> **SOURCE MATERIAL**
=====
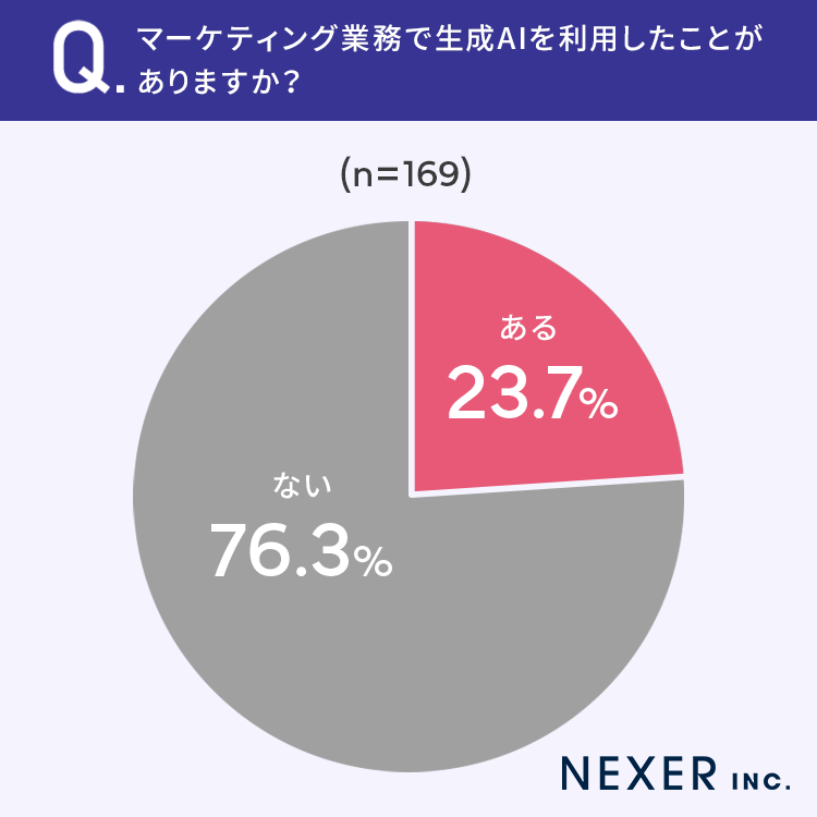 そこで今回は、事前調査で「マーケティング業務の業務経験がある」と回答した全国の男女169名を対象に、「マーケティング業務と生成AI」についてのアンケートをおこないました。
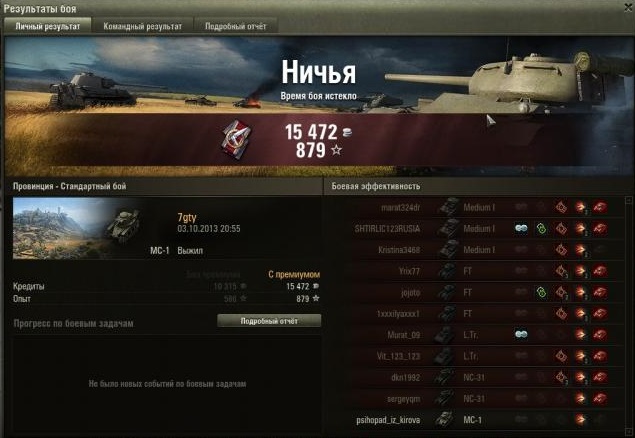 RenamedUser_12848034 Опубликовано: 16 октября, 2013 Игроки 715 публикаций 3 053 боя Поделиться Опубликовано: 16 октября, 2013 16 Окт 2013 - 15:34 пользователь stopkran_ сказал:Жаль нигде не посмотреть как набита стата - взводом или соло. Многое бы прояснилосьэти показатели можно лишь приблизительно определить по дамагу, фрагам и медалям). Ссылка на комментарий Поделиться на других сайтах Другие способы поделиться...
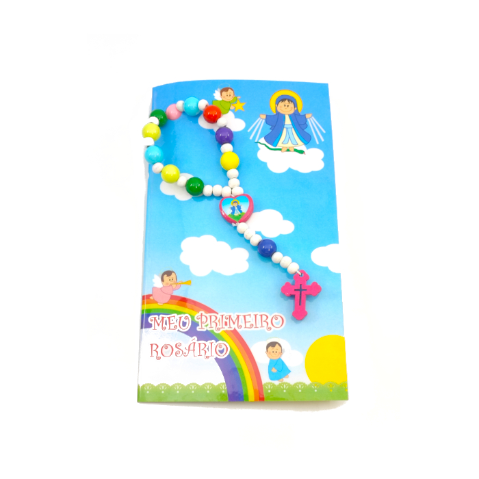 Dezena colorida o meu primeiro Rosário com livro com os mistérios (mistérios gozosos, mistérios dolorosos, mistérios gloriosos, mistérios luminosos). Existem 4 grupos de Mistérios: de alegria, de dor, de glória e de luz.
=====
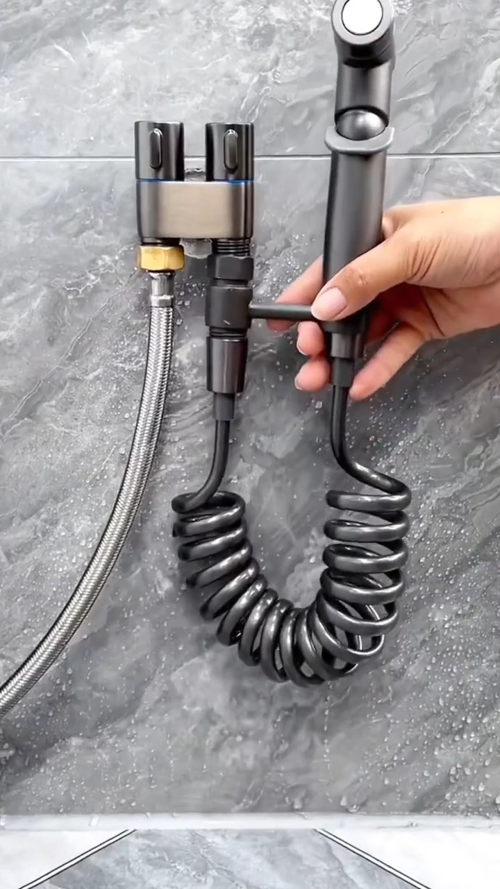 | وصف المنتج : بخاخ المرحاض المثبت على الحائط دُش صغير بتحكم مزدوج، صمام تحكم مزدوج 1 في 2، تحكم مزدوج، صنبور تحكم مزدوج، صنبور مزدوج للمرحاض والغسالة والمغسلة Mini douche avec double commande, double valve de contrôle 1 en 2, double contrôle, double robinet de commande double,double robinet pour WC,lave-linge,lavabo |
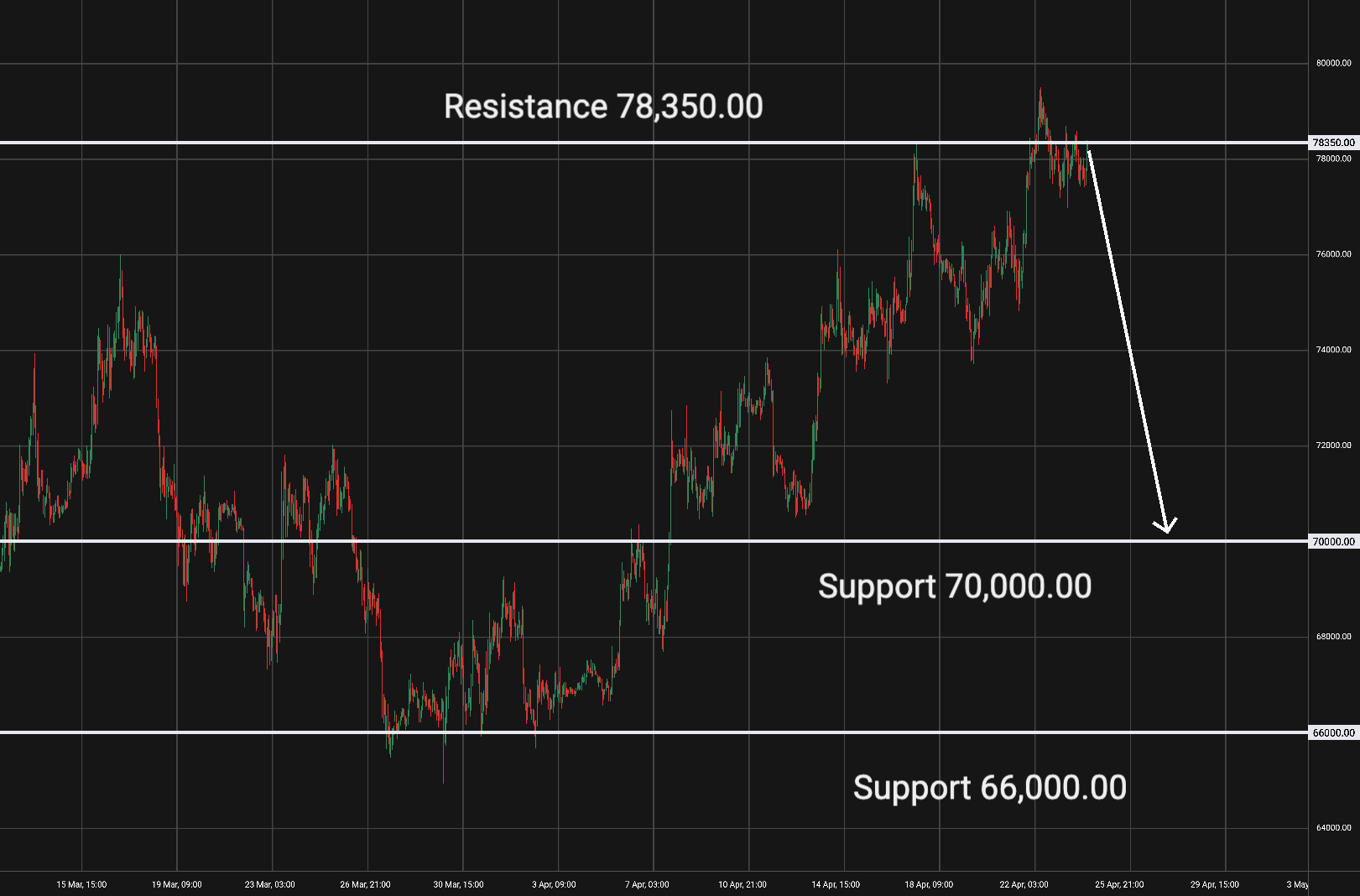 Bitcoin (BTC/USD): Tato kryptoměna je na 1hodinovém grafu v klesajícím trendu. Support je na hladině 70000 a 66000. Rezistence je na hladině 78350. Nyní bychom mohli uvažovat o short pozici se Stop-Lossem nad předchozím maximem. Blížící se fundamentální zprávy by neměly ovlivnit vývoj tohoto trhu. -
=====
> **DESCRIPTION OF THE TASK**
In the listing above, find the line with "RenamedUser_12848034 Опубликовано: 16" and the line with "Dezena colorida o". Copy both of them and every line between, exactly, but not the pictures.

> **EXERCISE RESPONSE**
 RenamedUser_12848034 Опубликовано: 16 октября, 2013 Игроки 715 публикаций 3 053 боя Поделиться Опубликовано: 16 октября, 2013 16 Окт 2013 - 15:34 пользователь stopkran_ сказал:Жаль нигде не посмотреть как набита стата - взводом или соло. Многое бы прояснилосьэти показатели можно лишь приблизительно определить по дамагу, фрагам и медалям). Ссылка на комментарий Поделиться на других сайтах Другие способы поделиться...
 Dezena colorida o meu primeiro Rosário com livro com os mistérios (mistérios gozosos, mistérios dolorosos, mistérios gloriosos, mistérios luminosos). Existem 4 grupos de Mistérios: de alegria, de dor, de glória e de luz.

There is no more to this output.